From 219c5c9ac107f96cbb8996438c41d3140c3b47fa Mon Sep 17 00:00:00 2001
From: nocturn9x <hackhab@gmail.com>
Date: Thu, 11 Mar 2021 20:02:51 +0100
Subject: [PATCH] Added a rough functions implementation

---
 README.md                      |  50 ++++++++----
 src/nimkalc/objects/ast.nim    | 136 +++++++++++++++++++++------------
 src/nimkalc/objects/error.nim  |   7 +-
 src/nimkalc/objects/token.nim  |   4 +-
 src/nimkalc/parsing/lexer.nim  |  22 +++++-
 src/nimkalc/parsing/parser.nim |  32 +++++++-
 6 files changed, 177 insertions(+), 74 deletions(-)

diff --git a/README.md b/README.md
index 2ca1aeb..0dd74d5 100644
--- a/README.md
+++ b/README.md
@@ -1,14 +1,27 @@
 # NimKalc - A math parsing library
 
 NimKalc is a simple implementation of a recursive-descent top-down parser that can evaluate
-mathematical expressions. Notable mentions are support for common mathematical constants (pi, tau, euler's number, etc),
-functions (`sin`, `cos`, `tan`...), equation-solving algos using newton's method and scientific notation numbers (such as `2e5`)
+mathematical expressions.
+
+__Disclaimer__: This library is __in beta__ and is not fully tested yet. It will be soon, though
+
+Features:
+- Support for mathematical constants (`pi`, `tau` and `e` right now)
+- Supported functions:
+  - `sin`
+  - `cos`
+  - `tan`
+  - `sqrt`
+  - `root` (for generic roots, takes the base and the argument)
+  - `log` (logarithm in base `e`)
+  - `logN` (logarithm in a given base, second argument)
+- Parentheses can be used to enforce different precedence levels
+- Easy API for tokenization, parsing and evaluation of AST nodes
 
 
 ## Current limitations
-- No functions (coming soon)
 - No equation-solving (coming soon)
-- The parsing is a bit weird because `2 2` will parse the first 2 and just stop instead of erroring out (FIXME)
+- The parsing is a bit weird because something like `2 2` will parse the first 2 and just stop instead of erroring out (FIXME)
 
 
 ## How to use it
@@ -18,9 +31,8 @@ NimKalc parses mathematical expressions following this process:
 - Generate an AST
 - Visit the nodes
 
-Each of these steps can be run separately, but for convenience a wrapper
-`eval` procedure has been defined which takes in a string and returns a
-single AST node containing the result of the given expression.

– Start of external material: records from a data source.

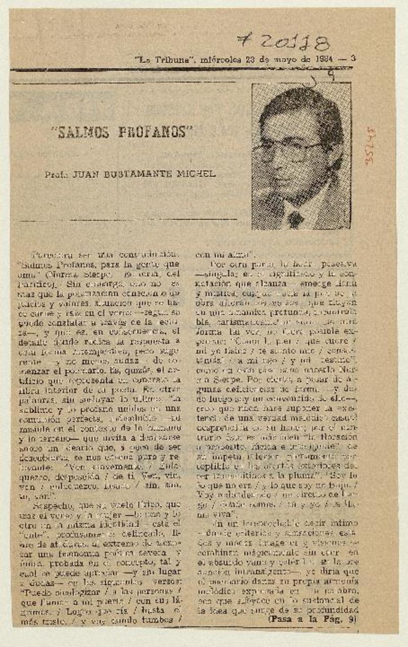 Salmos profanos" [artículo] Juan Bustamante Michel.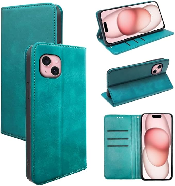 linlingo 手帳型 に適用するiPhone15対応 ケース 手帳型 手帳型ケース カバー PUレザー カード収納 財布型 耐衝撃 ケース マグネット スタンド機能付き (グリーン)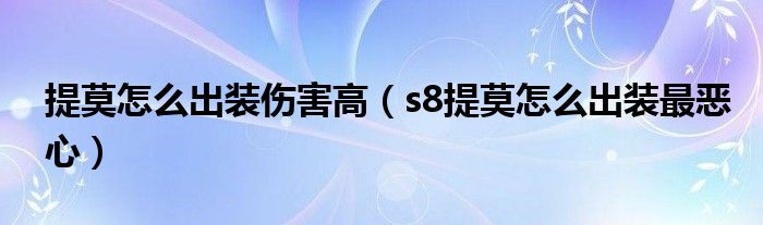 大家好,小晋来为大家解答以下问题,关于提莫怎么出装伤害高,s8提莫怎么出装最恶心很多人还不知道,今天让我们一起来看看吧!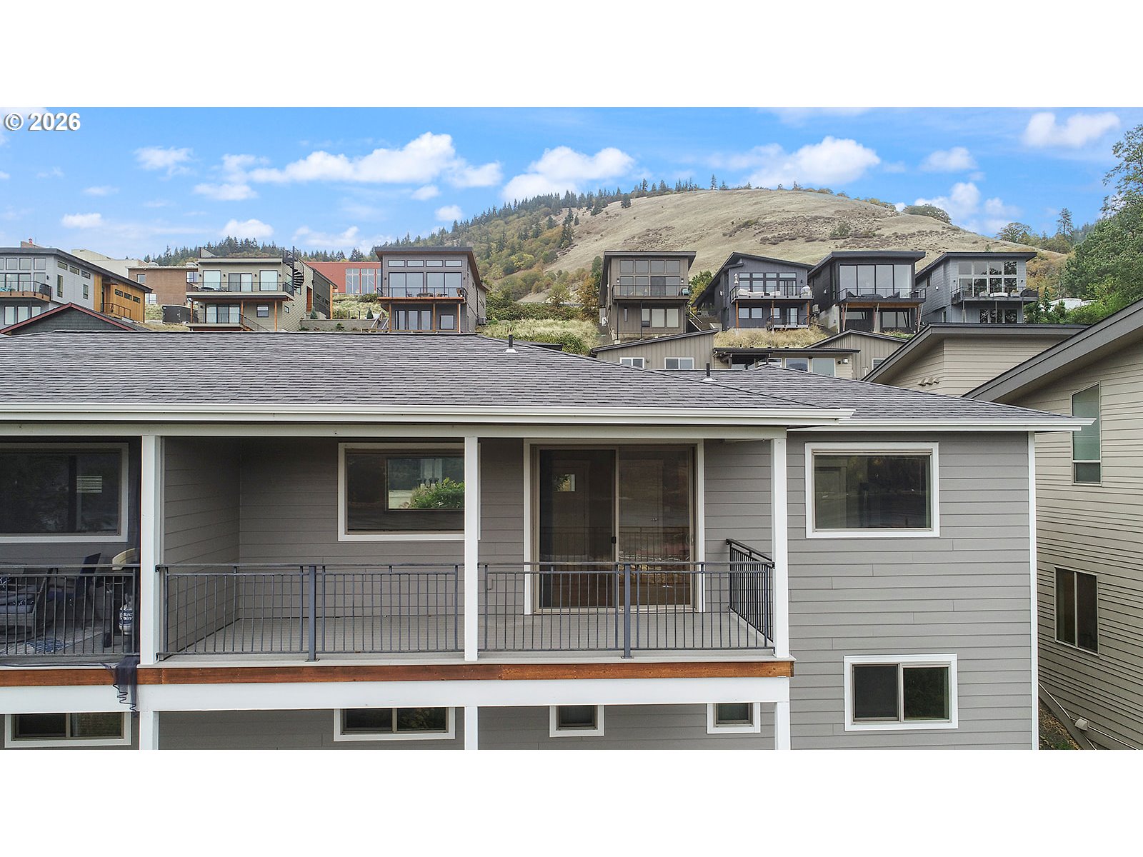 A fantastic Columbia River view awaits you from this low maintenance townhouse with high end finishes. The open floor plan when entering on the main boasts engineered hardwood floors throughout, the kitchen has slate SS appliances, and granite countertops on the island and in the half bath. The slider from the living area leads to the view deck with trex decking. Two bedroom suites on lower level with full bathrooms and large closets. Energy efficient mini splits throughout the home. The HOA painted the home this summer, as well as repaved the road. HOA also provides all exterior maintenance, including the yard and snow removal. Perfect for the busy buyer who wants to spend their free time playing in the Gorge.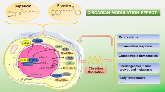 本课题组前期研究发现,香料中的生物活性成分辣椒素和胡椒碱可以在调节体温、代谢稳态、氧化应激、炎症反应和肿瘤发生过程中直接对肝脏核心时钟基因的表达也具有一定调控作用。通过对生物钟反馈环路的过程研究,充分发掘香辛料活性物预防和治疗代谢紊乱、氧化还原失衡、肠道菌群紊乱、炎症和癌症作用的分子机制。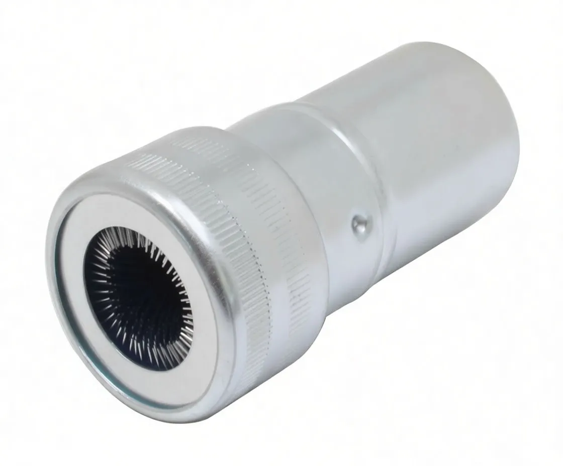 Dual-function battery terminal cleaning brush in durable metal case; removes corrosion and sediment for reliable electrical connections.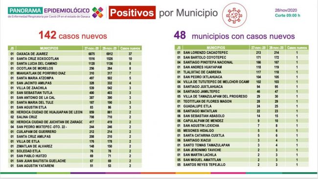 Asimismo, señaló que en las últimas 24 horas se detectaron 48 ayuntamientos con pacientes portadores del nuevo coronavirus; los municipios de Oaxaca de Juárez y Santa Cruz Xoxocotlán representan el 33% del total de nuevos contagios, al registrar 37 y 10, respectivamente.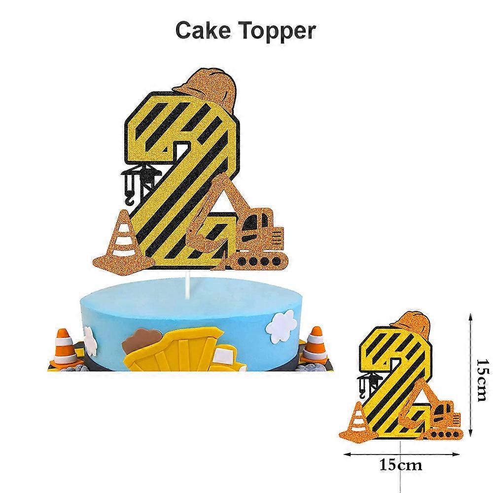 Construction Excavator 1 2 3 4th Birthday Cake Toppers Decor Digging Machine Vehicle Balloon Kids Boy Engineering Party Supplies

+Each of these steps can be run separately, but for convenience a wrapper `eval` procedure has been defined which takes in a string 
+and returns a single AST node containing the result of the given expression.
 
 ## Supported operators
 
@@ -28,30 +40,39 @@ Beyond the classical 4 operators (`+`, `-`, `/` and `*`), NimKalc supports:
 - `%` for modulo division
 - `^` for exponentiation
 - unary `-` for negation
-- Arbitrarily nested parentheses (__not__ empty ones!) to enforce precedence
-
 
 ## Exceptions
 
-NimKalc defines 2 exceptions:
-- `ParseError` is used when the expression is invalid
+NimKalc defines various exceptions:
+- `NimKalcException` is a generic superclass for all errors
+- `ParseError` is used when the expression is syntactically invalid
 - `MathError` is used when there is an arithmetical error such as division by 0 or domain errors (e.g. `log(0)`)

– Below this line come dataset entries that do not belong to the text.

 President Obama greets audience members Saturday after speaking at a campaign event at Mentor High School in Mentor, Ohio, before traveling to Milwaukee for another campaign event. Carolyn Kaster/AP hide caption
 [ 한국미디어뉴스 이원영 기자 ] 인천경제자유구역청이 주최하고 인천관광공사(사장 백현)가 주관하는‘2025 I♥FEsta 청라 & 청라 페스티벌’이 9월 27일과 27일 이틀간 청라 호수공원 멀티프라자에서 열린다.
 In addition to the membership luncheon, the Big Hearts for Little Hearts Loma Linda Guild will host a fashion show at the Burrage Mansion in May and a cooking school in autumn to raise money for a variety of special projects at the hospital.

+- `EvaluationError` is used when the runtime evaluation of an expression fails (e.g. trying to call something that isn't a function)
 
 ## Design
 
 NimKalc treats all numerical values as `float` to simplify the implementation of the underlying operators. To tell integers
 from floating point numbers the `AstNode` object has a `kind` discriminant which will be equal to `NodeKind.Integer` for ints
-and `NodeKind.Float` for decimals. It is advised that you take this into account when using the library
+and `NodeKind.Float` for decimals. It is advised that you take this into account when using the library, since integers might
+start losing precision when converted from their float counterpart due to the difference of the two types. Everything should
+be fine as long as the value doesn't exceed 2 ^ 53, though
 
 
 __Note__: The string representation of integer nodes won't show the decimal part for clarity
 
+Some other notable design choices (due to the underlying simplicity of the language we parse) are as follows:
+- Identifiers are checked when tokenizing, since they're all constant
+- Mathematical constants are immediately mapped to their real values when tokenizing with no intermediate steps or tokens
+- Type errors (such as trying to call an integer) are detected statically at parse time
+
+
 ## String representations
 
 All of NimKalc's objects implement the `$` operator and are therefore printable. Integer nodes will look like `Integer(x)`, while
 floats are represented with `Float(x.x)`. Unary operators print as `Unary(operator, right)`, while binary operators print as `Binary(left, operator, right)`.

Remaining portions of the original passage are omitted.